This invention relates to material testing and defect removal in metal objects. In particular, this invention relates to an apparatus and method for removing relatively large metal sections from a metal object without producing stress concentrations at the removal site.
Large metal objects, such as turbine rotors for example, often operate in hostile environments. Turbine rotors are subject to large mechanical stresses resulting from their high speed rotation and large variations in operating temperatures. Over time, these stresses may compromise the mechanical integrity of the objects. Turbine rotor failure can be catastrophic, not only financially, but also in terms of the loss of human life. Therefore, preventative maintenance and repair is very important for turbine rotors as well as for numerous other large metal components used in industrial applications.
Technicians use metallurgy and standardized stress testing on metal samples taken from an object to determine the relative condition of the metal comprising the object. To achieve useful results with the tests, however, the samples must be of a minimum size and must be representative of the metal object as a whole. Therefore, the selection of a sampling site and the sampling process itself are both critical. The sample retrieving process must not change the composition or condition of the sample. Additionally, when a sample is removed, the sampling site must be repaired to prevent any stress concentrations from forming at the site.
On a turbine rotor, the highest stresses occur on the surface of a bore that runs along the rotor longitudinal axis. Because the metal at the surface of the bore should be in relatively worse shape than the metal in other parts of the shaft, samples taken from the surface of the bore should represent the worst case condition of the rotor as a whole. However, because access to the rotor bore is usually limited, it is difficult to remove a sample from the bore of sufficient size for standard tests, such as a "Charpy" test for example. The limited access to the bore also makes it difficult to repair any damage caused by the sample removal process.
Beyond testing, it is often desirable to remove material from a metal object for the purpose of removing material defects. When a crack forms on a turbine rotor, for example, the crack must be removed before it expands and threatens the mechanical integrity of the rotor. If the crack forms on the outer surface of the turbine rotor, it may be removed by grinding down and polishing the surface of the rotor. However, since the surface of the turbine rotor bore is subject to large stresses, cracks often form on the surface of the bore. Removing a crack that forms on the inner surface of a turbine rotor is much more difficult and expensive than removing one that forms on the outer surface of the rotor and generally requires expensive milling operations.
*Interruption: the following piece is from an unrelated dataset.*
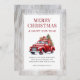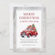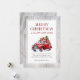 Rustik julkort med en gammal röd lastbil som bär ett julgran och presenter i en rustik träram. Personalisera enkelt detta röda lastbils-julkort med ditt familjenamn och text.

Various devices have been developed for removing sections from the surfaces of bores and other surfaces on metal objects. Some of these devices remove sections that are large enough to use with standard tests but the removal process damages the object so badly that major repair work is required to prevent stress concentrations from forming at the sampling site. One device, for example, cuts a v-shaped groove from an inner wall of the object. The v-shaped void remaining in the object, however, must itself be removed from the object to prevent stress concentrations from forming at the apex of the v-shaped void.
U.S. Pat. Nos. 4,845,896 and 4,856,233 to Mercaldi disclosed a device that operated to remove a section of material from the inner surface of a pipe. The Mercaldi device included a hemispherically shaped cutter capable of spinning about an axis parallel to the pipe axis and articulating downwardly while continuing to spin. A cutting edge of the spinning cutter cuts into the inner surface of the pipe taking a small dimple-shaped sample. However, the sections taken by the Mercaldi device were too small to use with standard tests, such as the "Charpy" test. Additionally, this device generally removed only a shallow surface section which was not representative of the object as a whole. Further, because the samples were small, the removal process would probably change the properties of the section so that it was no longer representative of the metal object. Also, the Mercaldi hemispherically shaped cutter left a void that required milling to prevent stress concentrations.